The dataset, the model architectures, the training pipeline, and the export workflow that turn raw chamber frames into the deployable detector files we ship to each target device.

What the model has to do

The detector’s job is narrow on purpose: find the LEGO piece in the chamber and return one tight bounding box around it. There is exactly one class — piece — and the camera position is fixed, so the model never has to deal with arbitrary scenes or many objects. That single-class, fixed-viewpoint setup is what lets a comparatively small model reach the quality we need.

Everything downstream — the cropped image we feed into colour and shape classification, the position the mechanical system plans against, the decision about whether the chamber holds zero, one, or several pieces — is built on top of that one bounding box.

The dataset

Property	Value
Source location	`software/sorter/backend/blob/zone_datasets/classification_chamber/`
Images total	1,877
Train / val split	1,690 / 187 (≈ 90 / 10)
Classes	1 (`piece`)
Resolution	Native chamber camera resolution; resized at training time
Annotation format	YOLO-style bounding boxes

The dataset is single-class and chamber-specific. Every image was captured in the same fixed camera rig with the same lighting, which is the main reason a model with under 10M parameters can hit mAP > 0.88 on real frames.

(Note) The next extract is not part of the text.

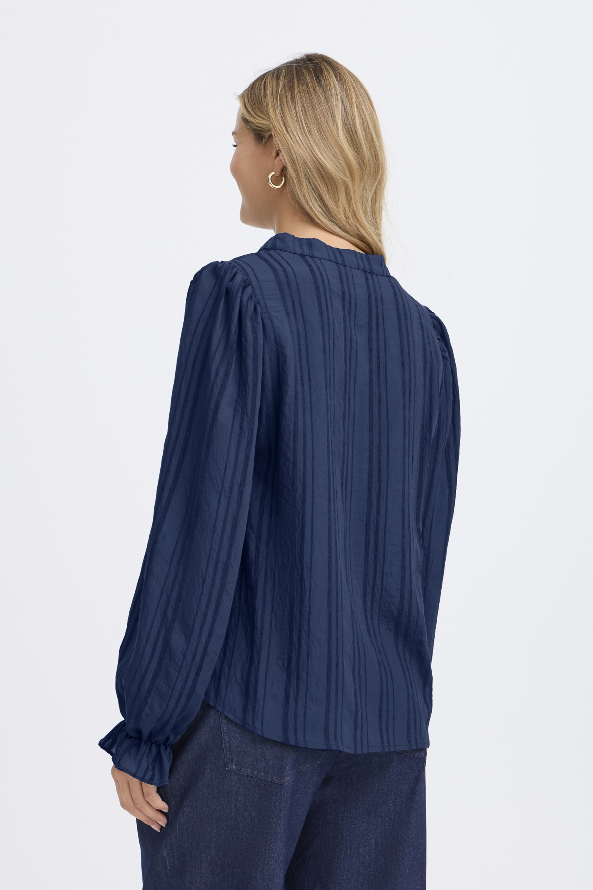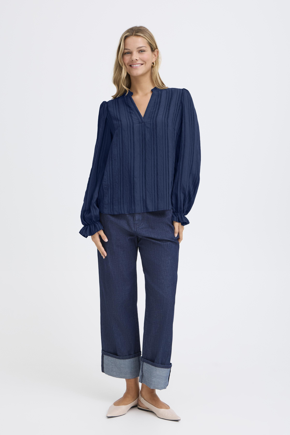 Falleg blússa frá FRANSA með v-hálsmáli og teygju fremst á ermum. Stærðirnar eru nokkuð hefðbundnar hjá FRANSA og er mælt með því að rétt stærð sé tekin, ekki minni eða stærri.

The same dataset feeds both model architectures — there is no separate NanoDet dataset and YOLO dataset. That keeps the cross-architecture comparison fair: any quality difference between NanoDet and YOLO11s is a property of the model and the export pipeline, not of the data.

The two architectures we maintain

We deliberately keep two model families in production rotation. They are not redundant — they trade off in different directions, and on different target hardware different trade-offs win.

NanoDet-Plus-m 1.5x (`Chamber Zone NanoDet`)

Family: NanoDet — an anchor-free detector designed for mobile and edge inference.
Variant: the Plus-m head with the 1.5x width multiplier. This is the heaviest of the standard NanoDet sizes, but it still ends up substantially smaller than YOLO11s.
Input size: 416 × 416.
Best training metrics: mAP 0.885, AP_50 0.941, AP_75 0.900.
Why we keep it: it is the model that compiles cleanly to Hailo HEF and stays close to reference quality after the compile. The Hailo NanoDet path is currently our best edge deployment — see the Overview FPS table.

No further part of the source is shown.